Ao procurador de Haia: o Brasil rejeita uma nova anistia

Prezado procurador do Tribunal Penal Internacional, Karim Khan

Quem morre de fome no Brasil morre assassinado. Nesta semana, graças ao trabalho da plataforma de jornalismo Sumaúma, o mundo teve acesso a algumas imagens desse crime, na forma de corpos desnutridos de membros do povo yanomami.

Aquelas almas agonizantes são resultados de um plano para garantir que sua presença não seja um obstáculo para o avanço do crime organizado, disfarçado de “civilização”.

São cenas que sintetizam um projeto de destruição, que chamamos nos últimos quatro anos de “governo”. Corpos que, diante da desassistência, fazem uma antropofagia para garantir energia suficiente para sobreviver. Consomem a si mesmos até que, sem mais massa para recorrer, se apagam.

Eu escrevo esta carta ao senhor para fazer um pedido tão simples quanto poderoso: investigue Jair Bolsonaro e a transformação do estado brasileiro em uma máquina da morte.

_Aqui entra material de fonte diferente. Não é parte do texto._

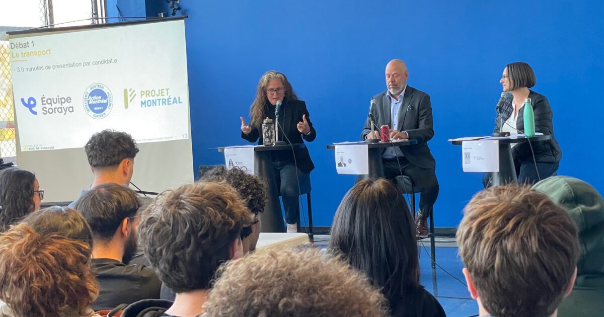 Deux professeurs du collège Bois-de-Boulogne, Jocelyn Chouinard et Yves Langevin, ont organisé un débat à saveur économique entre les candidats à la mairie d’arrondissement. Emilie Thuillier de Projet Montréal, Maude Théroux-Séguin d’Ensemble Montréal et Stefan Leblanc d’Action Montréal se sont prêtés au jeu devant une salle pleine de jeunes motivés à entendre leurs propositions.
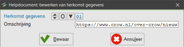 Let op! Om herkomst gegevens goed te gebruiken, moet eerst de keuzelijst Herkomst gegevens worden gevuld met opties in GB Centraal. Vervolgens kan met vomgeving bestanden Herkomst gegevens worden aangemaakt. Als laatste moet de gedeelde keuzelijst geïmporteerd worden. Zie Importeer gedeelde keuzelijsten en Herkomst gegevens voor meer informatie.
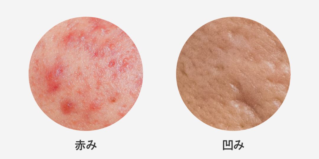 ニキビ跡には、大きく分けて赤みが残るものと凹みが残る2つ部類に分かれます。特にニキビ跡の赤みは、ニキビと間違えてしまう方がいます。ニキビを治そうとして過度に洗顔をしたり刺激の強いスキンケア用品を使うとニキビ跡が悪化してしまいます。ニキビかニキビ跡か迷った場合はクリニックへ相談しましょう。
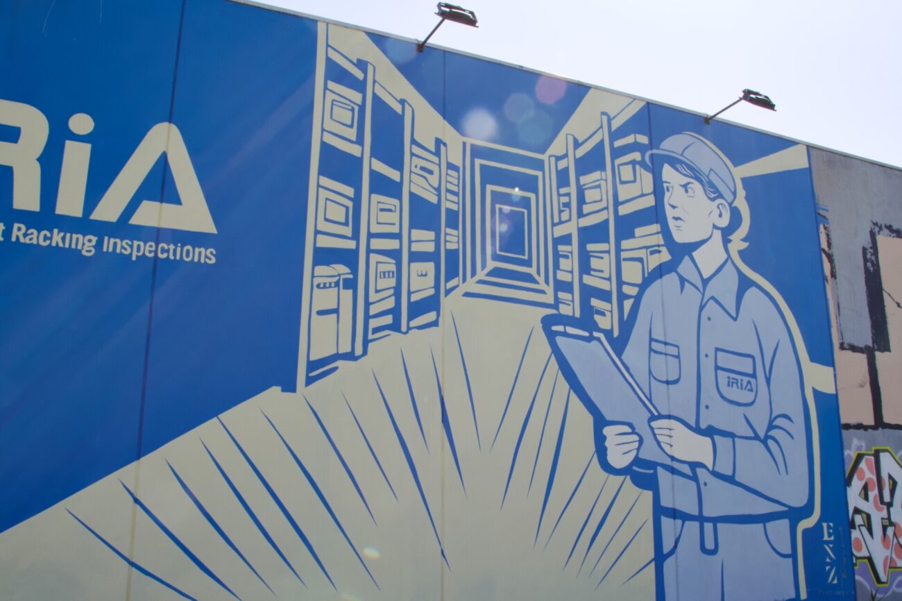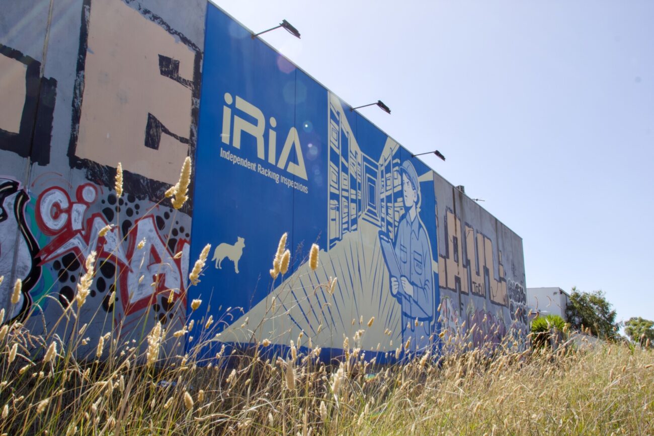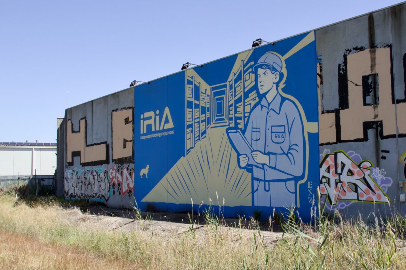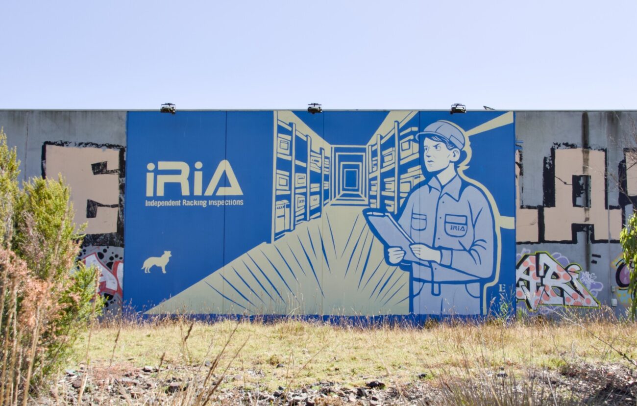 Commissioned by Independent Racking Inspections Australia (IRIA), this freeway-facing mural spans 10m W × 6m H, designed and executed. The composition balances bold typography with illustrative linework, anchoring IRIA’s brand presence at scale.

Num país que alimenta 1 bilhão de pessoas pelo mundo, a fome de uma parcela de sua própria população é uma arma política. Não uma fatalidade.

Vimos a morte de crianças, a interrupção precoce de sonhos. Fomos confrontados com o assassinato de idosos, o verdadeiro incêndio de uma biblioteca, como diria o provérbio africano.

Sobre sua mesa estão pelo menos cinco queixas contra o ex-presidente brasileiro por crimes contra a humanidade e genocídio. Nas próximas semanas, os detalhes dessa última denúncia desembarcarão em Haia. Não confunda com um eventual livro de história. São imagens dos contornos intoleráveis do século 21 no Brasil.

Diante da guerra na Ucrânia e dos crimes pelo mundo, sei da dificuldade em selecionar qual aberração lidar com prioridade. Gostaria, ainda assim, de apresentar alguns argumentos sobre o motivo pelo qual investigar Bolsonaro é de interesse do planeta, e não apenas de cortes nacionais.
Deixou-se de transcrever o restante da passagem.